We understand that starting a Non medical home health agency is quite inexpensive, compared to other businesses. However, being a business with exciting goals and objectives, we will need around $72,000 to start and run King’s Court for the first year.

b. What are the Cost Involved?
  • Attorney Fees – Setting Up a Limited Liability Company: $1,200
  • State of California Home Health Agency License: $110
  • Medisoft Billing Program plus Support: $4 760
  • Professional Liability Insurance: $2 800
  • Workman’s Comp Insurance Deposit: $410
  • Premises and Content Insurance Deposit: $210
  • Contract Retainer with PT/OT/ST: $504
  • Deposit plus First: $400
  • Phone Set-Up (Excluding Phones): $250
  • Utility Deposit: $150
  • Post Office Box: $26
  • 2 Computers (Fully Loaded): $3 000
  • 4-in-1 Printer/Fax/Copier/Scanner: $750
  • QuickBooks Pro: $150
  • Phones: $290
  • Pager: $50
  • Stationary: $200
  • Business Cards: $150
  • Brochures: $150
  • Other Misc. Office Supplies: $450
c. Do You Need to Build a Facility?

No, King’s Care will be started and managed out of a lavish facility at the hub of San Diego, California.
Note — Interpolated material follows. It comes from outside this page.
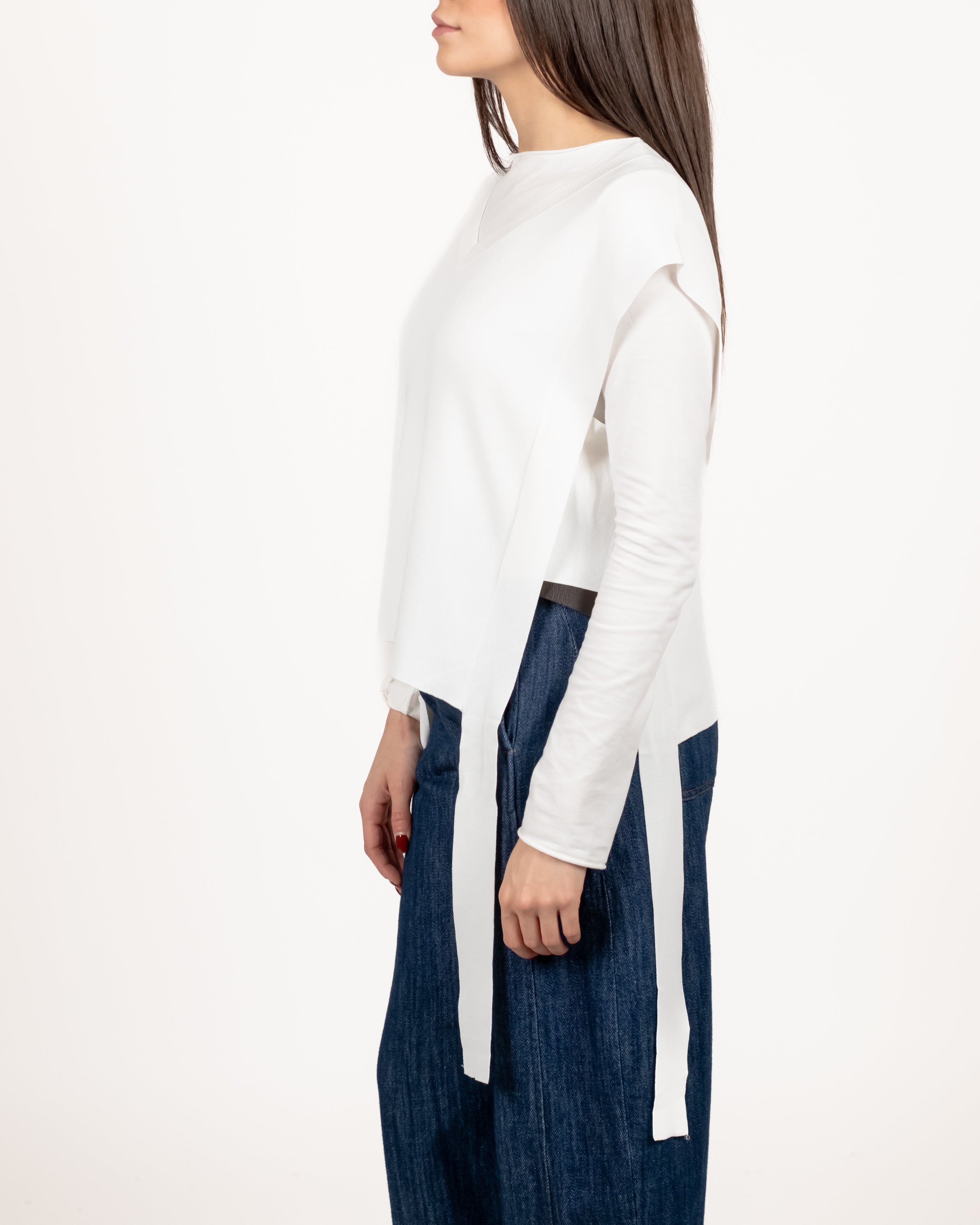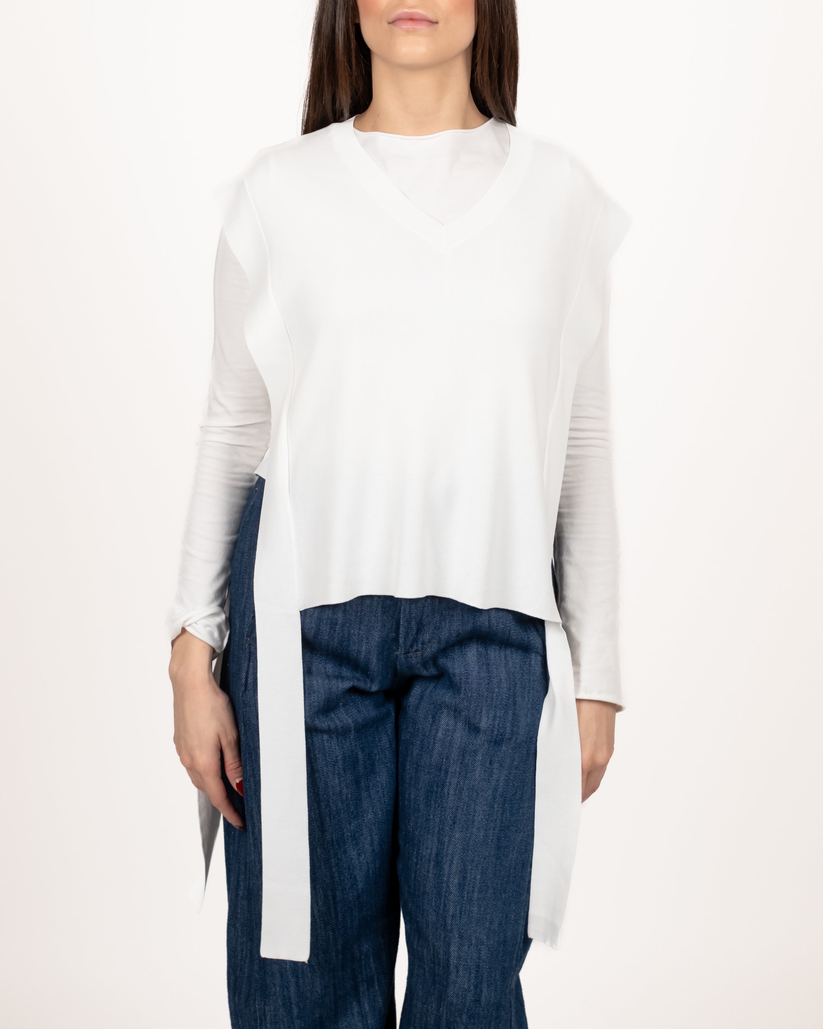 Gilet a V con lacci laterali.

d. What are the Ongoing Expenses for Running a Non-Medical Home Care Business?
  • Payroll and Payroll Taxes
  • Depreciation
  • Rent
  • Heat and Lights
  • Phone
  • Water and Garbage
  • Internet Access
  • Professional Liability Insurance
  • Workman’s Comp Insurance
  • Premises and Content Insurance
  • Advertising and Marketing
  • Meals and Entertainment
  • Professional Development
  • Office Equipment and Supplies
e. What is the Average Salary of your Staff? (First Year)
  • Administrative Director (Owner) – $0
  • Administrative Assistant: $39 404
  • Skilled Nurse: $41 389
  • Nurse Aide: $30 915
  • Social Worker: $21 214
f. How Do You Get Funding to Start a Non-Medical Home Care Business

King’s Care will be solely financed by Sandra Jackson herself and she will control the direction of the business to ensure that it is expanding at the forecasted rate. In terms of our business start-up, no equity funding or outside loans will be required.

  1. Financial Projection

a. How Much Should You Charge for your Service?
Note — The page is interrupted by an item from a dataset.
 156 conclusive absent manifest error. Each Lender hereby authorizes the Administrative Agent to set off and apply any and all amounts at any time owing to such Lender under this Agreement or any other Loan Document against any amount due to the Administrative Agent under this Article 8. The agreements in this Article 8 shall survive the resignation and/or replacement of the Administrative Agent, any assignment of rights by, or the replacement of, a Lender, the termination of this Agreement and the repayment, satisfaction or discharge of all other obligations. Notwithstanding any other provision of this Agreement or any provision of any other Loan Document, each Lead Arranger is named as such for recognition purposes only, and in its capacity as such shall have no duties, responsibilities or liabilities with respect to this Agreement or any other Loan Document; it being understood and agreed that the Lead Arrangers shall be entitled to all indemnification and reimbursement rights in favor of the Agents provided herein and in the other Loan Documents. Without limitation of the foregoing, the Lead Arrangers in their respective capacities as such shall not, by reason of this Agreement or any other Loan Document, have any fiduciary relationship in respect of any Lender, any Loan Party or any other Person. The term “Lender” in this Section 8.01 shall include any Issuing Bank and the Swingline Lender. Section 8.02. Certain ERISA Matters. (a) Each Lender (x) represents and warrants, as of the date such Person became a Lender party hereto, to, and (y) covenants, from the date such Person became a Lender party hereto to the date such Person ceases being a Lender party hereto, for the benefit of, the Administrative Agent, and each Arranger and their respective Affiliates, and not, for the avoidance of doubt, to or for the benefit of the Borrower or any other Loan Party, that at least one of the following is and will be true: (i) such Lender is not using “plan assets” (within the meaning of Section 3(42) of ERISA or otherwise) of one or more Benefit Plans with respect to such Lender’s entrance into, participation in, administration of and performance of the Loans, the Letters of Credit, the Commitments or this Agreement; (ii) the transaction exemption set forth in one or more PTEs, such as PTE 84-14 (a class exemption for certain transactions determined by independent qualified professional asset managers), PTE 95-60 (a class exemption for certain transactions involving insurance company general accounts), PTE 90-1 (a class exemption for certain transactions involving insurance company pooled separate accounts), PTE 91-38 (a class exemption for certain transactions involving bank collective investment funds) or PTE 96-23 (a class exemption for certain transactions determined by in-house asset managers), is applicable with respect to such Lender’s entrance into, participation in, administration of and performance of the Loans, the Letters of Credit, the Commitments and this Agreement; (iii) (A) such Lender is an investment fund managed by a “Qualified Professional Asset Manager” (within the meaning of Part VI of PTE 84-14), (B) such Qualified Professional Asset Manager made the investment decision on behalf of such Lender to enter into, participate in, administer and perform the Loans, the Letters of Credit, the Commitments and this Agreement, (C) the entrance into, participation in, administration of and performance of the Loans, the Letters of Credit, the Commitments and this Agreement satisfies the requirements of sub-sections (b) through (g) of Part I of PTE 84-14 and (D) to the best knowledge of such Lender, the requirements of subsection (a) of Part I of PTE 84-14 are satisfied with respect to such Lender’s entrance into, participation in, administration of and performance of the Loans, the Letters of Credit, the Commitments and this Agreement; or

Note that a good number of our services are covered under Medicaid, Medicare, and other private insurance providers, and the rates are set by them.

b. Sales Forecast?
  • First Year: $350,000 (From Self – Pay Clients): $180,000 (From Medicaid Covers)
  • Second Year: $670,000 (From Self – Pay Clients): $400,000 (From Medicaid Covers)
  • Third Year: $910,000 (From Self – Pay Clients): $1,200,000 (From Medicaid Cover)
c. Estimated Profit You Will Make a Year?
  • First Fiscal Year (FY1): $110,000 (30% of revenue generated)
  • Second Fiscal Year (FY2): $400,000 (35% of revenue generated)
  • Third Fiscal Year (FY3): $670,000 (45% of revenue generated)
d. Profit Margin of a Non-Medical Home Care Business Product/Service

According to experts, the average profit margin for Non medical home care services is about 30 and 40%, depending on certain factors such as services provided, pricing strategy, number of clients and workers, and also business expenses.

  1. Growth Plan

At King’s Care, we intend to start selling franchises by our 10th year in business. Just like we noted above, the in-home care industry has grown massively in recent years, and franchises have become a massive part of the industry. Owing to fact that the top franchises in this sector are all relatively new businesses, we also intend to sell a franchise of our business in the future.
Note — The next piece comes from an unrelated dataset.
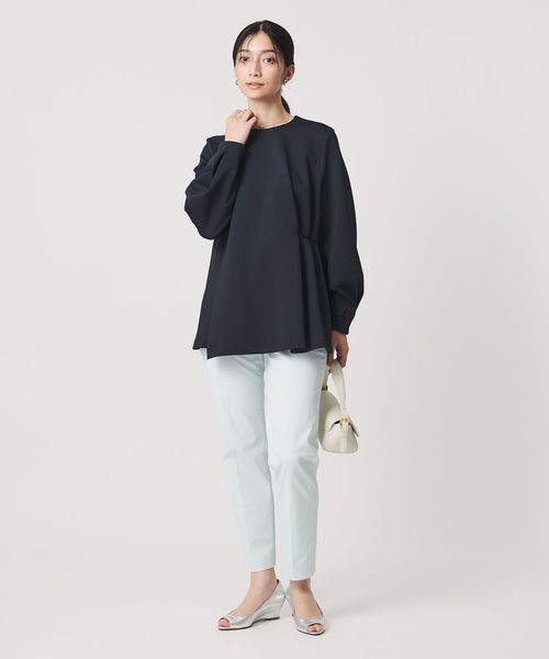サイドに施したタックから生まれるドレープと、反対側のベントスリットがモダンで洗練された印象に。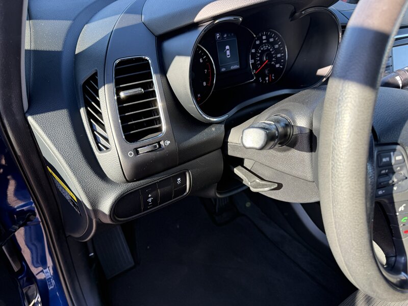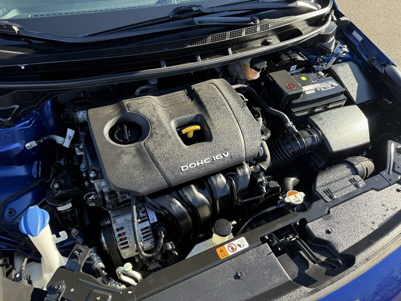 Kia Forte LX 2018 en Deep Sea Blue con interior en tela negra. Impulsado por el motor Nu 2.0L I4 (147 hp, 132 lb·ft), este Forte trae de fábrica comodidades y equipamiento práctico: asientos de tela con asiento trasero abatible 60/40, aire acondicionado manual, ventanas y seguros eléctricos, entrada remota sin llave, controles de audio en el volante y control de crucero. El sistema multimedia incluye Bluetooth para llamadas y audio, entradas USB/AUX y radio AM/FM. Las características de seguridad de fábrica incluyen ABS, control electrónico de estabilidad y tracción, múltiples airbags y monitorización de presión de llantas, además de cámara de reversa. Excelente estado general con menos de 46,000 millas (promediando menos de 6,000 millas/año). Consumo: 25 MPG ciudad / 34 MPG carretera.

We intend to expand to the following locations mentioned below;

  • California (5.8 million seniors)
  • Florida (4.5 million seniors)
  • Texas (3.7 million seniors)
  • New York (3.3 million seniors)
  • Pennsylvania (2.4 million seniors)
  • Ohio (2 million seniors)
  • Illinois (2 million seniors)
  • Michigan (1.8 million seniors)
  • North Carolina (1.8 million seniors)

10. Exit Plan

King’s Care is an agency that will invest so much in its employees and we believe that management buyout is our only exit plan option. Some industry experts also believe that an employee-owned model is a perfect business opportunity to keep home care companies open.